# OxiRS Embed — Deployment Templates
Production deployment artifacts for the OxiRS Embed knowledge-graph
embedding service. This directory is **operational** documentation; the
crate's developer-facing docs live in `../README.md` and `../TODO.md`.
## Layout
```
deploy/
├── Dockerfile # multi-stage build, scratch runtime, ~30 MB image
├── docker-compose.yml # local stack: oxirs-embed + Prometheus + Grafana
├── README.md # (this file)
├── helm/oxirs-embed/ # Helm chart (Chart.yaml + values.yaml + templates/)
├── k8s/ # raw K8s manifests for clusters without Helm
└── monitoring/ # prometheus.yml + grafana-dashboard.json
```
## Local stack (Docker Compose)
```sh
# from repo root
docker compose -f ai/oxirs-embed/deploy/docker-compose.yml up --build
```
Endpoints:
| Embedding API | <http://localhost:8080> |
| Prometheus | <http://localhost:9091> |
| Grafana | <http://localhost:3000> (admin/admin) |
The Grafana dashboard `OxiRS Embed — Service Overview` is auto-loaded from
`monitoring/grafana-dashboard.json`.
## Kubernetes — Helm
```sh
# Install
helm install oxirs-embed ai/oxirs-embed/deploy/helm/oxirs-embed \
--namespace oxirs --create-namespace
# Upgrade with custom values
helm upgrade oxirs-embed ai/oxirs-embed/deploy/helm/oxirs-embed \
--namespace oxirs \
--values my-values.yaml
# Render templates without applying (smoke check)
helm template oxirs-embed ai/oxirs-embed/deploy/helm/oxirs-embed
```
Key `values.yaml` knobs:
| `image.tag` | `0.3.0` | match the chart `appVersion` |
| `replicaCount` | `2` | ignored when `autoscaling.enabled` |
| `distributed.enabled` | `false` | enable parameter-server training |
| `distributed.numShards` | `4` | bounded 4-8 for the prototype |
| `distributed.numWorkers` | `4` | bounded 4-8 for the prototype |
| `distributed.updateMode` | `async` | `async` or `sync` |
| `distributed.shardingStrategy` | `entity-hash` | `entity-hash` or `round-robin` |
| `autoscaling.enabled` | `true` | HPA on CPU+memory |
| `podDisruptionBudget.enabled` | `true` | minAvailable: 1 |
| `metrics.serviceMonitor.enabled` | `false` | flip to `true` if running prometheus-operator |
### Parameter-server training mode
When `distributed.enabled: true` is set, the pod boots in a mode where it
operates as both an HTTP API server **and** an in-process parameter server.

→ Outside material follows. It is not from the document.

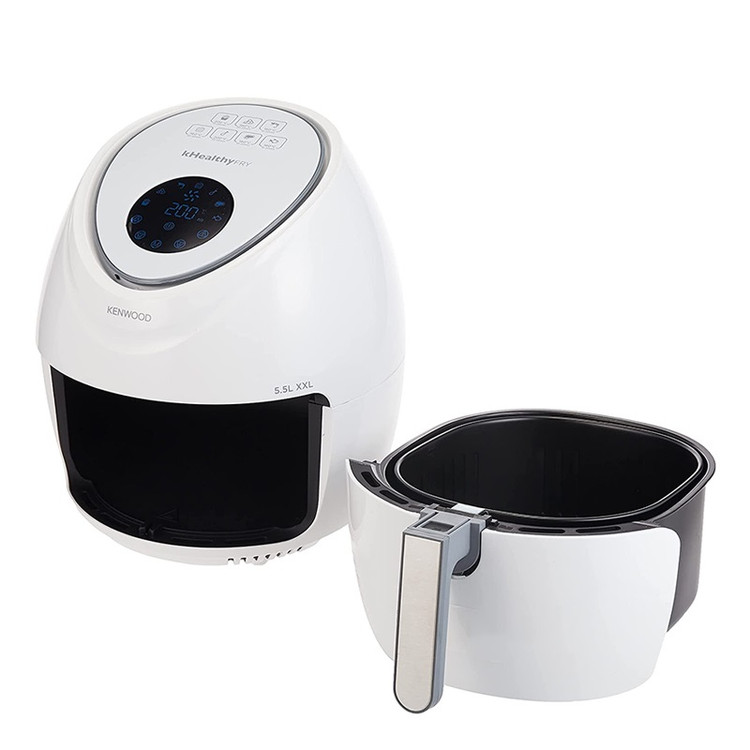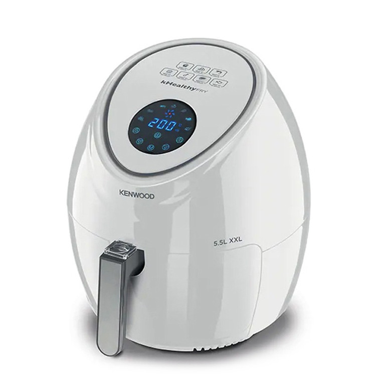 توان مصرفی 1800 واتی و ظرفیت 5.5 لیتری و XXL سرخ کن کنوود مدل KENWOOD HFP50WH موجب شده تا این محصول بی شک برای یک خانواده پر جمعیت انتخابی مناسب به نظر بیاید. این سرخ کن قابلیت پخت کم روغن و یا حتی بدون روغن غذا را دارد بنابراین قادر به تهیه وعده غذایی سالم خواهید بود. وجود 7 برنامه پیشفرض امکان تهیه و طبخ انواع مختلف غذا در سریعترین زمان ممکن را بهراحتی مهیا میکند؛ عملکردهای متنوع این سرخ کن شامل سیب زمینی سرخ شده، پوره سیب زمینی، میگو، کیک ، مرغ، ماهی، گوشت و نان میشود. سرخ کن HFP50WH کنوود به کمک تکنولوژی Hot Rapid Air Circulation با گردش سریع هوای گرم در داخل فضای کاسه، شما را در تهیه غذاهایی تُرد و در عین حال خوش پخت و خوش طعم یاری میدهد. همچنین به سبب این گردش سریع حرارت در سرخ کن، کاهش 80 درصدی میزان روغن مصرفی در فرایند طبخ ایجاد میشود. پنل دستگاه شامل دکمههای لمسی دیجیتالی برای تنظیم برنامههای پخت، تنظیم زمان تا 60 دقیقه و همچنین تنظیم دما در محدوده 80 تا 200 درجه سانتیگراد است که دارای رابط کاربری بسیار آسانی میباشد. قابلیت شستشوی قطعات در ماشین ظرفشویی، پایه لاستیکی برای ثبات بیشتر دستگاه، بدنه پلاستیکی با عایق بندی ضد حرارت، اعلام هشدار در پایان برنامه و خاموش شدن خودکار دیگر امکانات سرخ کن کنوود مدل KENWOOD HFP50WH محسوب میشوند.

The training driver hashes entity IDs across `distributed.numShards` shards
and spawns `distributed.numWorkers` worker tasks. This is bounded to 4-8
workers per the v1.1.0 prototype design — for larger setups use a
specialised system (Horovod, Ray, DeepSpeed).

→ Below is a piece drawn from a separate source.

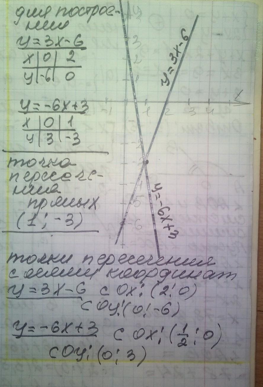 Побудуйте в одній системі координат графіки функцій:y= 3x-6; y= -6x+3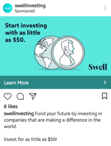 金融サービスとインパクト投資のプラットフォームである Swell は、投資後のクリック ランディング ページを使用して、顧客ベースと資金を拡大しています。 同社はまた、さまざまなプラットフォーム (Google、Facebook、Instagram など) でのリマーケティングを使用して、関連する見込み客に広告を表示し、専用のポスト クリック ランディング ページに誘導しています。

## Kubernetes — raw manifests
If you do not have Helm available, raw manifests live under `k8s/`:
```sh
kubectl create namespace oxirs
kubectl apply -f ai/oxirs-embed/deploy/k8s/configmap.yaml
kubectl apply -f ai/oxirs-embed/deploy/k8s/deployment.yaml
kubectl apply -f ai/oxirs-embed/deploy/k8s/service.yaml
kubectl apply -f ai/oxirs-embed/deploy/k8s/hpa.yaml
kubectl apply -f ai/oxirs-embed/deploy/k8s/pdb.yaml
```
The raw manifests are equivalent to the chart's defaults — they are useful
for inspection, GitOps diffs, and clusters that prohibit Helm.
## Observability
The service exports the following metrics on `/metrics` (port 9090):
| `oxirs_embed_requests_total` | counter | API requests by route |
| `oxirs_embed_request_duration_seconds` | histogram | API request latency |
| `oxirs_embed_embedding_latency_seconds` | histogram | Per-embedding inference latency |
| `oxirs_embed_active_models` | gauge | Number of loaded models |
| `oxirs_embed_distributed_workers` | gauge | Live worker count (when distributed enabled) |
| `oxirs_embed_distributed_pushes_total` | counter | ParameterServer push operations |
| `oxirs_embed_distributed_pulls_total` | counter | ParameterServer pull operations |
| `oxirs_embed_distributed_barriers_total` | counter | Sync-mode barrier completions |
| `oxirs_embed_distributed_staleness` | gauge | Async-mode staleness per shard |
Probe paths:
- `GET /health` — process liveness; returns 200 if the embedding subsystem is alive
- `GET /ready` — readiness gate; returns 200 once at least one model is loaded
## Smoke validation
The repository ships two smoke-style integration tests that operators can
run *without* a live cluster:
```sh
# Helm template render — needs `helm` binary on PATH
cargo test -p oxirs-embed --test distributed_training -- --ignored helm_template_smoke
# Docker build — needs `docker` daemon and a network
cargo test -p oxirs-embed --test distributed_training -- --ignored docker_build_smoke
```
The non-ignored test cases verify that all expected files exist on disk.
## Security posture
- Runs as **non-root** UID 65532, group 65532.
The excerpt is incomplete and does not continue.